Crónica de una salida anunciada


Después de más de un mes sin traspasar el umbral de la puerta de mi casa, ya a punto de treparme por las paredes, esta mañana pude salir ¡sola y manejando! Este arresto domiciliario va para largo, pero conseguí esa libertad bajo palabra por algo más de una hora, y la sensación fue indescriptible.
Me puse un gorro azul “medicina interna”, de una de las piyamas de Elisa mi hija cuando era residente de esa especialidad, mis lentes de sol, y la mascarilla que dice #SeVan que tuvo a bien obsequiarme Alejandra.
Tuve un par de tropiezos a la hora de salir: uno, que el portón eléctrico no abrió con el control remoto, hubo que abrirlo manualmente; y otro, que no podía respirar con la fabulosa mascarilla, por lo que tuve que hacer mi recorrido con una de las quirúrgicas. Pero me fui.
Mi primera parada era en Arroyo Hondo, a buscar levadura y harina para pan que Carmen consiguió ayer. Luego, pasé por Los Jardines, por casa de Héctor, a darle un bocinazo para que se dejara ver y saludarnos de lejos. Salí premiada con un trozo de quipe horneado.
De ahí, por Agricultura salí a la autopista, hasta la Ortega y Gasset y, vía túnel de la UASD (o sea, pasé por debajo de la casa de María Filomena), llegué a Gascue, a casa de Gisela, previa parada donde el frutero de su esquina, al que compré unos mangos que se ven ricos, y procuré unas naranjas agrias y una guanábana que el extranjero que limpia tuvo a bien entregarme.
Bueno, y regresé a casa, otra vez abriendo el portón manualmente con ese solazo (por supuesto, Elisa bajó las dos veces, de salida y de regreso, a realizar esa hazaña, porque ¡qué portón que pesa!), y del proceso de desinfección, mejor ni les cuento. Hay que vivir con una infectóloga para medianamente entender eso.

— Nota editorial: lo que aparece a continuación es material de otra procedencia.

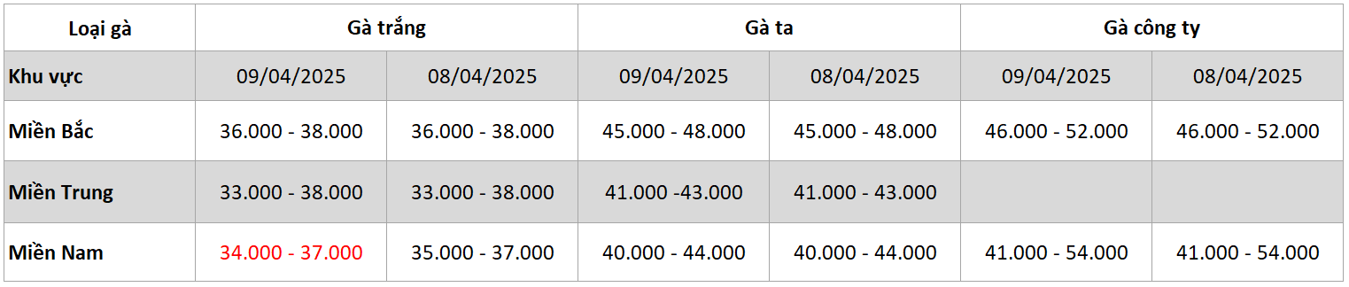 2. Bảng giá gà ngày 09/04/2025:

Aquí me esperaban unos chicharrones mortales que dejé adelantados en la estufa, con plátanos verdes, los que mejor me han quedado en la vida.

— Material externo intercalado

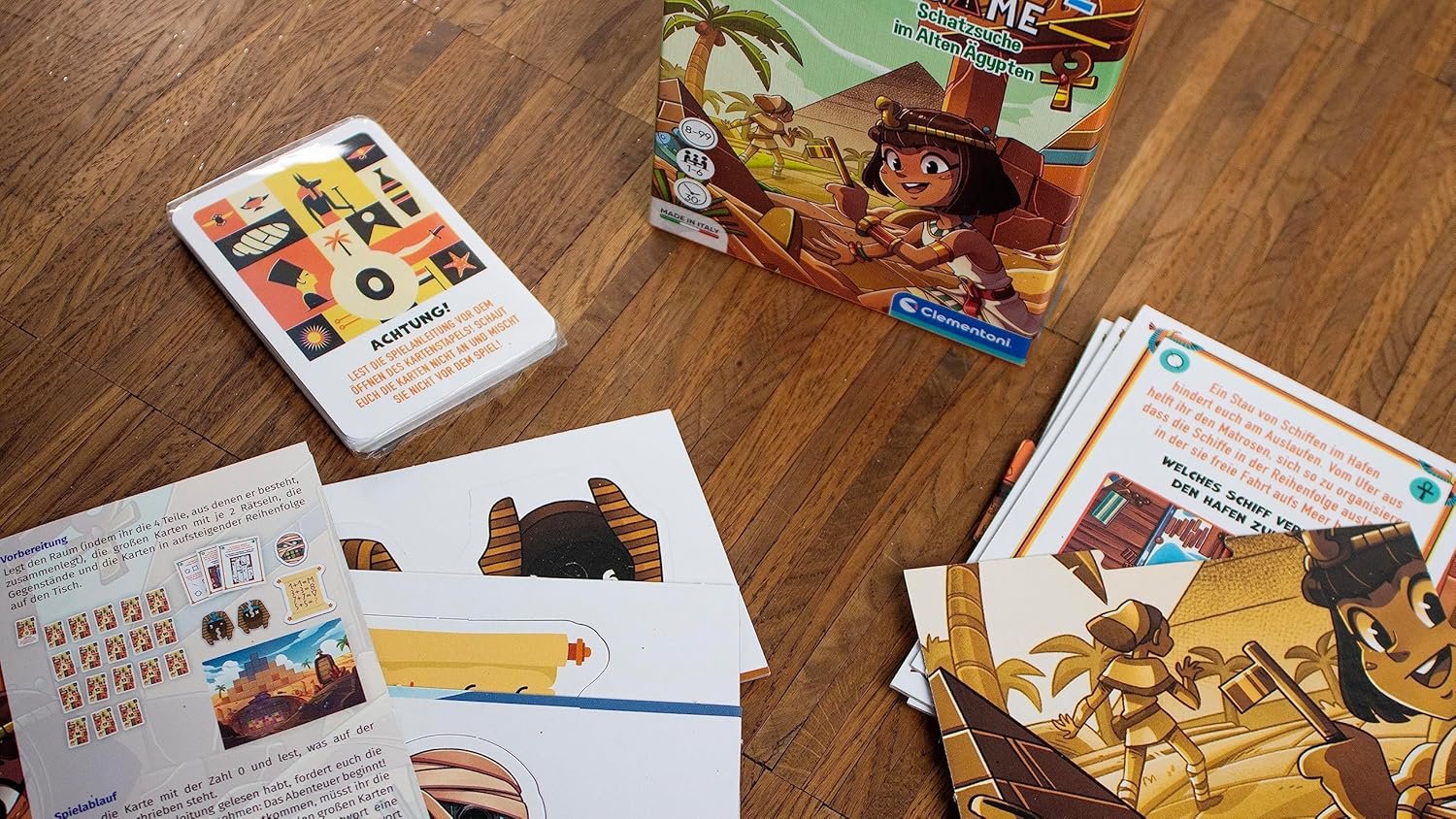 Con el juego de rompecabezas Galileo «Búsqueda del tesoro en el antiguo Egipto» está garantizado para toda la familia. La tendencia de Escape Room ahora ha cautivado a jóvenes y mayores por igual. Los juegos de Galileo Escape combinan la fascinante idea de juego de Escape Rooms con una divertida diversión en casa. La aventura en el Antiguo Egipto desafía a detectives de todas las edades y los lleva a una emocionante búsqueda del tesoro. El juego de mesa contiene numerosos acertijos que se deben resolver juntos como un equipo con inteligencia y lógica. Se incluye un conjunto de cartas de rompecabezas, así como elementos útiles para encontrar pistas y un tablero de juego para ensamblar. Si te quedas atascado, hay instrucciones de solución en la parte posterior de la tarjeta.

Pero lo que en realidad quiero contarles es cómo me sentí durante ese recorrido que, como ven, no parece tener nada especial. Era como si yo nunca hubiera estado en esta ciudad en la que nací, crecí, envejecí y todavía vivo. Ese sol que normalmente me molesta tanto, me pareció divino. Esos camiones que tanto odio me lucieron lindos. Todo, absolutamente todo, lo vi con otros ojos. Bueno, no. Me pareció terrible ver, al final de la mañana, las filas en las aceras fuera de todos los bancos por donde pasé, que fueron muchos. Por suerte, no pasé por ningún supermercado.
Me sentí ajena a todo esto, invisible, como si lo estuviera viendo todo desde lejos, hasta que, en una esquina cercana a mi casa, por cierto, frente a la casa de Alejandra, me encontré con Julia y me señaló que no portaba la mascarilla que había publicado en las redes antes de salir. ¡“Regoso” a que Alejandra la oyera!
Cuando, ya en casa, me disponía a llamar a Alejandra a plantearle que no se podía respirar con la mascarilla, me dice mi hija que ella misma la había rellenado con la copa de un sostén. La cambié por una servilleta de papel y quedó perfecta. Encima, tan poco dada que soy al maquillaje, y ¡se me ocurrió ponerme pintalabios! Ya saben.
Entonces, después de la desinfección, me la puse de nuevo y me tomé la otra foto en la puerta de mi casa, para redimir la mascarilla y resarcir a Alejandra.
Y el final de esta historia es que, la mismísima que me concedió el momento de libertad me ha mandado un diploma que necesito que ustedes me ayuden a interpretar. Mientras, regreso al mundo real: ¡a fregar!